Il secondo, intitolato "Cosa Bolle in Pentola?", si è svolto a Udine. Aveva l'ambizione di fotografare i progetti di ricerca in corso, dando a tutti la possibilità di esprimersi, di proporre tentando di coagulare gli interessi e una comune progettualità. Le 26 brevi presentazioni esposte, dall' informatica alla genetica, sono state raccolte in un volumetto distribuito a tutti i Soci ANMCO della Regione.
Numerosi altri simposi sono stati organizzati in Regione per iniziative dei singoli con il "patrocinio" della nostra Associazione: una riunione sul Dolore Toracico in Pronto Soccorso a Pordenone, Aritmologia a Monfalcone ed a Pordenone. Il gruppo di Gorizia ha organizzato un convegno sugli Inibitori dei Recettori della Glicoproteina IIb-IIIa e uno sulla Cardiopatia Ischemica negli Anziani.
È stato inoltre realizzato il primo corso regionale di educazione sullo Scompenso per il personale infermieristico finalizzato alla creazione di un' assistenza integrata fra cardiologi, internisti, fra ospedale e territorio.

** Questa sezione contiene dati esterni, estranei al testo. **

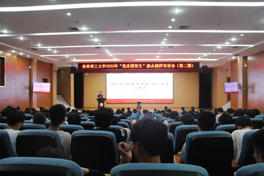 为了充分发挥优秀榜样的典型示范作用,引导广大青年学生增强树立勤奋学习、自强不息、奋勇拼搏的进取意识,在校园内形成争先创优、奋发向上的浓厚学习氛围,大力宣传国家资助政策及资助育人成效。6月13日晚,由学生资助管理中心主办,公共管理与传媒学院承办的“我是国奖生”励志榜样宣讲会(第二期)在雁山校区图书馆报告厅举办。公共管理与传媒学院党委副书记杨晓,学校学生资助工作办公室彭广生、王淇淇,党委宣传部孙谦谦,二级学院资助辅导员代表以及200余名学生代表参与活动。

È stato eseguito un censimento dei cardiologi in Regione (iscritti all'ANMCO e no) nell'ipotesi che una conoscenza precisa del numero di cardiologi e la loro distribuzione, sia uno strumento utile per un migliore utilizzo delle risorse e per la programmazione del numero di specializzandi.
Il Direttivo Regionale si è incontrato 3 volte con l'Agenzia Regionale della Sanità, in uno era presente anche l'Assessore. I temi trattati sono stati diversi: il ruolo del cardiologo nelle aree di emergenza, il mantenimento dell'autonomia di alcune UTIC regionali, il chiarimento del ruolo delle Riabilitazioni Cardiologiche, la razionale distribuzione delle strutture più costose (cardiologia invasiva).
E' stato inoltre elaborato e consegnato un piano per la gestione dell'emergenza cardiologia nella nostra regione. Riteniamo che ciò debba venir considerato un primo passo significativo per una futura più fattiva collaborazione e comunicazione.
Rapporti con le Università degli Studi di Trieste e di Udine: La scuola di Cardiologia di Trieste è ampiamente affidata alle strutture ospedaliere regionali, sia per l'insegnamento negli ultimi 3 anni, che per il training professionale. Gli specializzandi frequentano gli Ospedali di Trieste, Udine, Pordenone e Monfalcone, venendo pertanto operativamente in contatto con le maggiori realtà cardiologiche regionali.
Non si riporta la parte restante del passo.